When the screen gets filled with flying debris, my FPS would dive from 80 down to 30, which is a wild ride but incredibly frustrating. The AK500's default fan profile just can't handle sustained loads like this, with temps hitting 88°C - 92°C and triggering heavy clock fluctuations. I tried 'Power Saver' mode in BIOS, but while it saved 4°C, the physics simulations slowed down to a crawl—totally unacceptable. I went into the motherboard control center, set the fans to hit 100% at 65°C, and swapped to a high-performance thermal paste. AIDA64 confirmed peak temps dropped from 92°C to 68°C - 74°C, and the frame drops vanished. I did have an issue where the fans kept ramping up and down rapidly between 60°C - 65°C, so I added a 5-degree hysteresis window to stop the noise. Fans now sit at 1500 RPM, and frame times are rock steady at 5.1ms - 6.4ms. Last updated onApril 12, 2026 2:02 PM.
Is thread priority the issue when my Onda 9D4-DVH stutters in crowded GTA V RP city fights?
AI FiltersJoining an RP server with a hundred players is a blast, but the sudden frame drops were absolutely killing the vibe. The default scheduling on the Onda 9D4-DVH was struggling with concurrent network requests and physics, with response times swinging wildly between 20-40ms, causing the main game thread to jump between cores constantly. I tried enabling 'Game Mode' in Windows, but that did nothing but hide some notifications—totally useless. I eventually used a process Lasso-style tool to force the game onto the performance cores and locked the minimum processor state to 100% in the power plan. In Task Manager, the core load stopped jumping around and flattened out, and the stutters vanished. The only downside was that my background apps lagged for a second until I assigned them to the efficiency cores. CPU temps are stable at 68-74℃ with fans at 1500-1700 RPM. Profiling tools show the scheduling latency is gone, and memory stays at 58-63℃. Last updated onMay 6, 2026 11:54 AM.
Right when a massive boss charges at the screen, my frames would plummet from 110 to 40, which is a total mood killer. The Fanxiang S910PRO 2TB has insane PCIe 5.0 speeds, but it runs hot—hitting 82-88℃ under load, which triggers the thermal throttle and halves the bandwidth. I tried a BIOS power-saving tweak, but while it dropped the temp by 5 degrees, the load times became unbearable. I ended up replacing the stock thermal pads with high-performance ones and disabled PCIe Link State Power Management. HWInfo showed the peak temp drop from 85℃ to 62-68℃, and the frame drops vanished. I actually had a bit of a struggle with the first pad installation—it wasn't sitting flat, and temps actually went up by 2 degrees until I tightened the screws properly. Now, sequential reads are locked at 10000MB/s. The read/write mode switch is finally confirmed in the performance panel, but this drive requires a beefy cooler to stay stable. Last updated onApril 24, 2026 8:45 AM.
Hitting a clean headshot is an amazing rush, but having the game stutter immediately after just kills the mood. The VRAM controller on the Vastarmor Radeon RX 9070 XT Super Alloy Pro was struggling with high-frequency small file reads, with response times swinging between 15-30ms. I tried enabling Windows Game Mode, but that did absolutely nothing except clean up the UI—a total waste of effort. I ended up manually setting the virtual memory to a fixed range of 32GB-64GB and locked the VRAM frequency at 2400MHz. In Task Manager, the VRAM peak stabilized at 6.5-7.2GB, and the overflow-induced stutters stopped. My boot time actually slowed down by about 5 seconds after fixing the page file, but I fixed that by cleaning up my startup apps. Temps are steady at 62-68℃ with fans at 1300-1500 RPM. The internal profiler shows the scheduling lag is gone. Last updated onMay 3, 2026 8:30 AM.

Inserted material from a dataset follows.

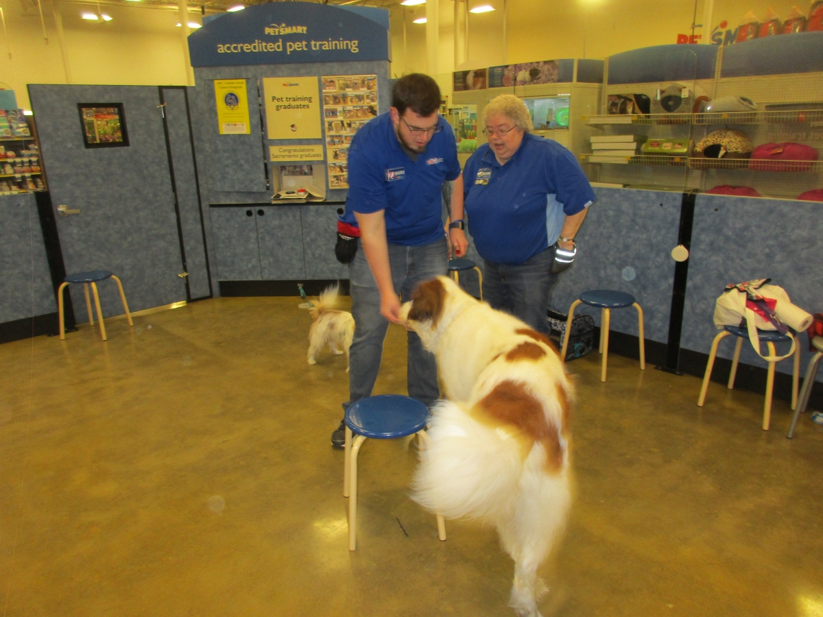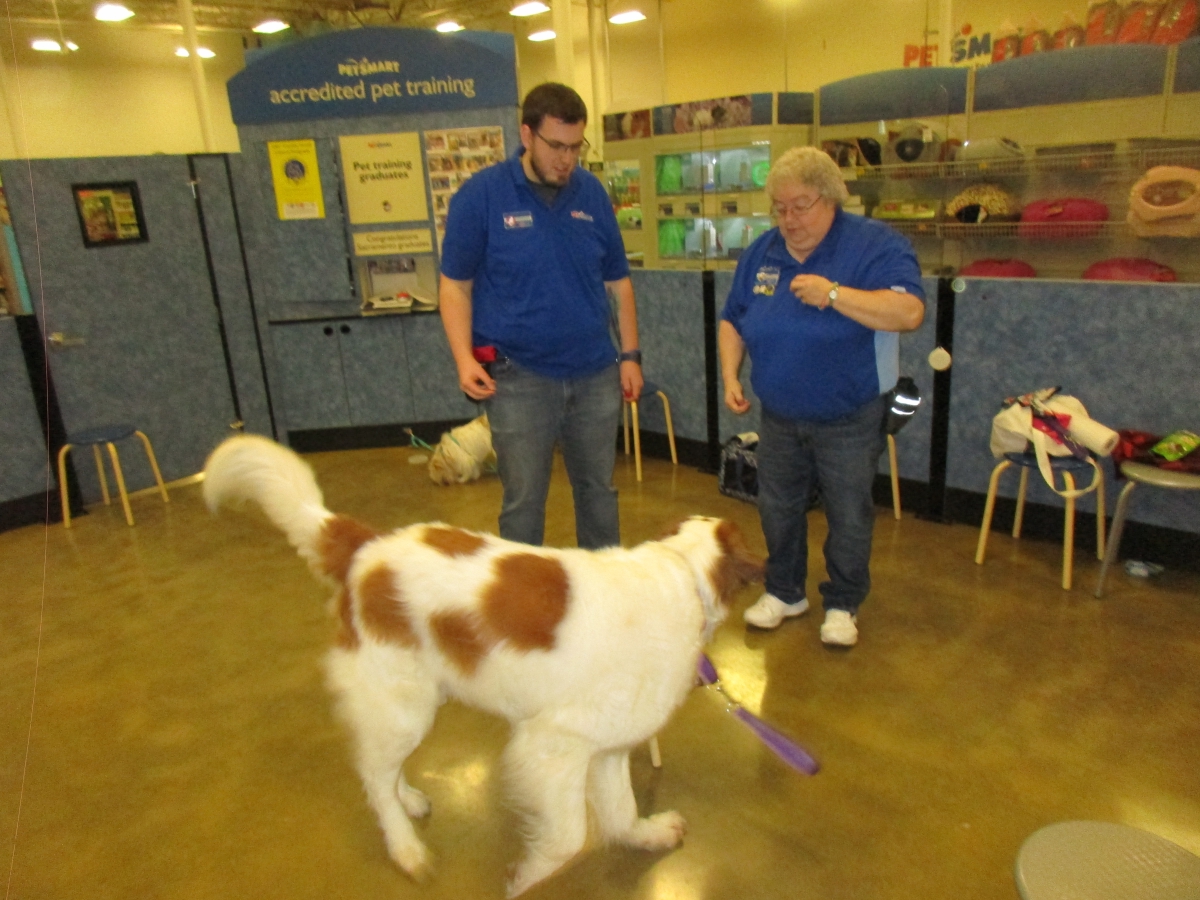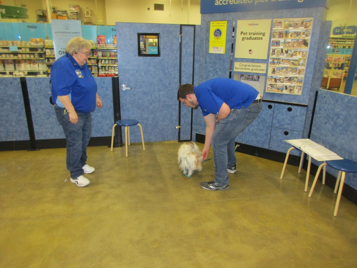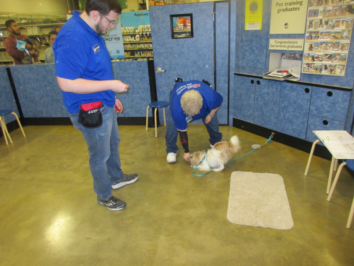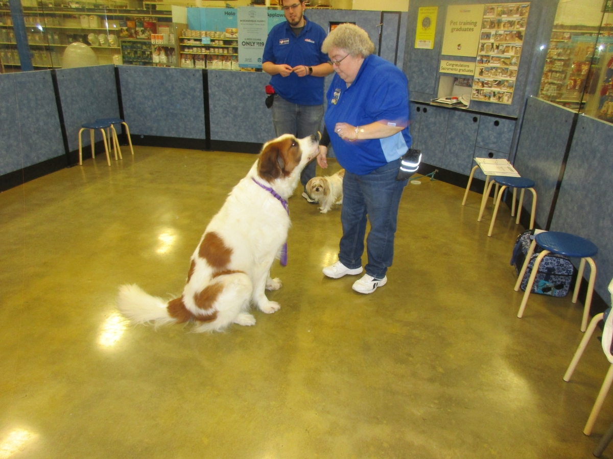 Penny helps Jamie's training of Conner, a new trainer from the Elk Grove Petsmart, in the proper way to train a Click-&-Trick class of pet owners and their dogs...
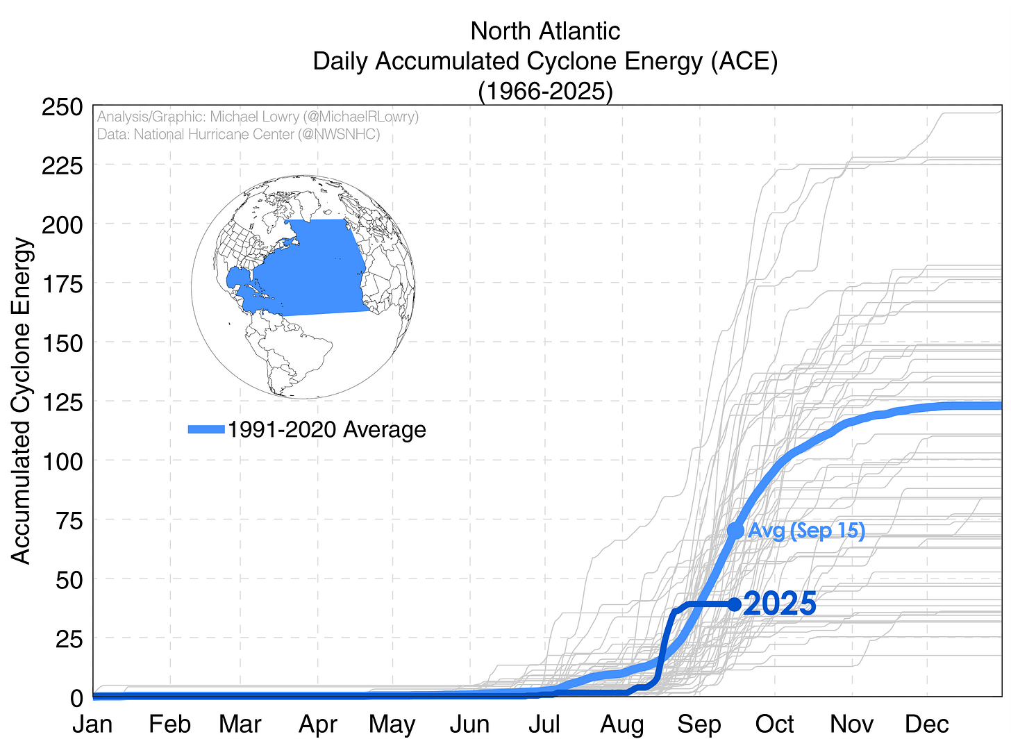 Although the hurricane season comes in fits and starts, with this extended lull at the peak, the 2025 hurricane season is quickly running a deficit and as of today overall activity is almost 50% below average.

Right in the middle of a sandstorm fight, my FPS would suddenly tank from 80 down to 40, which is an absolute rollercoaster of frustration. It turns out the default profiles for the Asgard Thor DDR5 6400 have some compatibility quirks with certain boards, causing the memory controller to jump wildly between 5600MHz - 6400MHz. I tried lowering the in-game settings, but while the FPS went up, the game looked terrible, and that was a compromise I wasn't willing to make. I went into the BIOS, locked the frequency at a steady 6000MHz, and bumped the voltage from 1.35V to 1.38V for absolute stability. Monitoring with RTSS, the frame times tightened from 18-38ms to a smooth 12-16ms, and the drops disappeared. Interestingly, locking it at 6000MHz actually cost me about 2 FPS at first, until I fine-tuned the secondary timings to get the performance back. Memory temps stayed stable between 52-58℃. I verified the frequency lock in the driver panel, and temps held at 52-58℃. Last updated onApril 25, 2026 4:05 PM.